The explanation given behind this tactic is that on average the performance between tablets and desktops differentiates by 15-20%. This statistic that Bing presents is probably true, but the amount of the differentiation between devices has a lot of different factors involved with it, including but not limited to:
- Average Page Load Times
- Conversion Process
- Overall Site Performance on Tablets
Average Page Load Times – The average page load time is a key part to conversion rates. The slower the page loads, the lower the conversion rates in most cases. Below are the average page load times of an account according to Google Analytics by device type:
As you can see in the image, the tablet traffic is similar to the mobile traffic for this particular site in terms of page load time. The desktop performs quite a bit faster than the tablet or mobile traffic; however, Google and Bing now both connect tablet traffic with desktop traffic in terms of bidding. In this case if we were to say that average page load time has a direct correlation to conversion rates on your account, then the difference in conversion rates would be around 32% from tablet to desktop. In order to get the same cost per conversion on Tablets compared to desktops in this case, you may want to add a -32% bid modifier onto tablets. However, Bing only allows a -20% bid modifier for tablets. This would naturally create a 12% higher cost per conversion on tablets, and makes it much harder to optimize according to your goals.
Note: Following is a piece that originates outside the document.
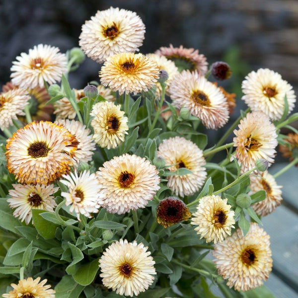 Ringblommor (lat. Calendula officinalis) är ettåriga och odlas främst för de dekorativa blommornas skull, men har även en lång historia av att användas som nyttoväxt i exempelvis salvor. Ringblomma går utmärkt att använda som dekoration i matlagning, Den blommar med ett överflöd av blommor i toner av orange, gult, laxrosa och gulvitt från tidigt på sommaren till långt in på hösten då första frosten tar dem. Perfekt blomma i både rabatt, kruka, köksträdgården, ja, överallt egentligen! Så ringblomma regelbundet under hela säsongen så kan du alltid plocka en vacker bukett.
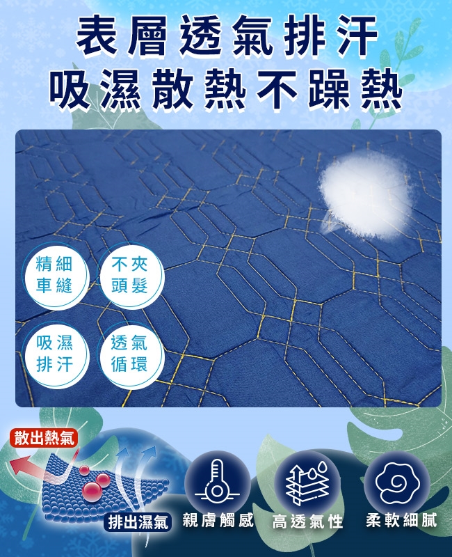 ★可以將人體表面的電荷迅速釋放,健康更升級,透氣表布吸濕排汗處理

As an example, let’s say that 9/20 users convert on desktops with the 6.25 average page load time, while 6/20 users convert on tablets with a 9.16 average page load time. If you are paying $10 per click on desktop users, you can only bid down to $8 per click for tablets. This leads to a $22.22 cost per conversion on desktops and a $26.67 cost per conversion on tablets. However, if the goal for your account is $24 cost per conversion you can not slightly lower bids on tablets anymore because you are at the maximum level of -20%.
Conversion Process – Different sites have different processes that they consider a conversion. Some sites consider a click to get directions to a store as a conversion, other sites consider a complete sale to be a conversion. Some sites have a 20 step process for users before considering it a lead, while other sites have a three section form for users to fill out. In terms of what works on different devices varies. However, it does usually seem that users on desktops are more willing to go through longer processes than users on tablets or mobile devices. This plays a role in how tablet performance looks per client.
Overall Site Performance on Tablets – At times sites do not have the same functionality on tablets as they do on desktops. Some sites are tablet-friendly, some sites are completely tablet-optimized, and some sites do not function well on tablets at all. Some companies have different sites that are targeting tablets, and this is something that is now tough to deal with in the paid search world because you can no longer segment accounts by tablets; therefore, it is tough to get users to a tablet specific page. Obviously, the overall look and functionality of a website on a tablet leads to different conversion rates based on how well the developer created a site for tablet users.
The bottom-line is that Bing followed in Google’s footsteps on this one, but still left more open to the users in terms of bidding on tablets, and segmenting mobile into their own campaigns. The only large aspect that is frustrating is that you can only drop bids by 20% on tablets. This is more than Google has to offer, but the explanation behind limiting this to only 20% makes one ponder: “why not just give the user as much device bidding freedom as possible?”.
It can be frustrating to look through your account and see:
Desktop: Reaching CPL Goals
Mobile: Reaching CPL Goals with Modifiers in Place
Tablets: Not Quite Reaching CPL Goals with the -20% Modifier in Place
However, at the end of the day this is the change that Bing decided to move forward with, and this is the change us advertisers will have to accept. As a wise-man once said: like the changes or dislike the changes that the Search Engines make, the changes bring job security to those who know how to adjust.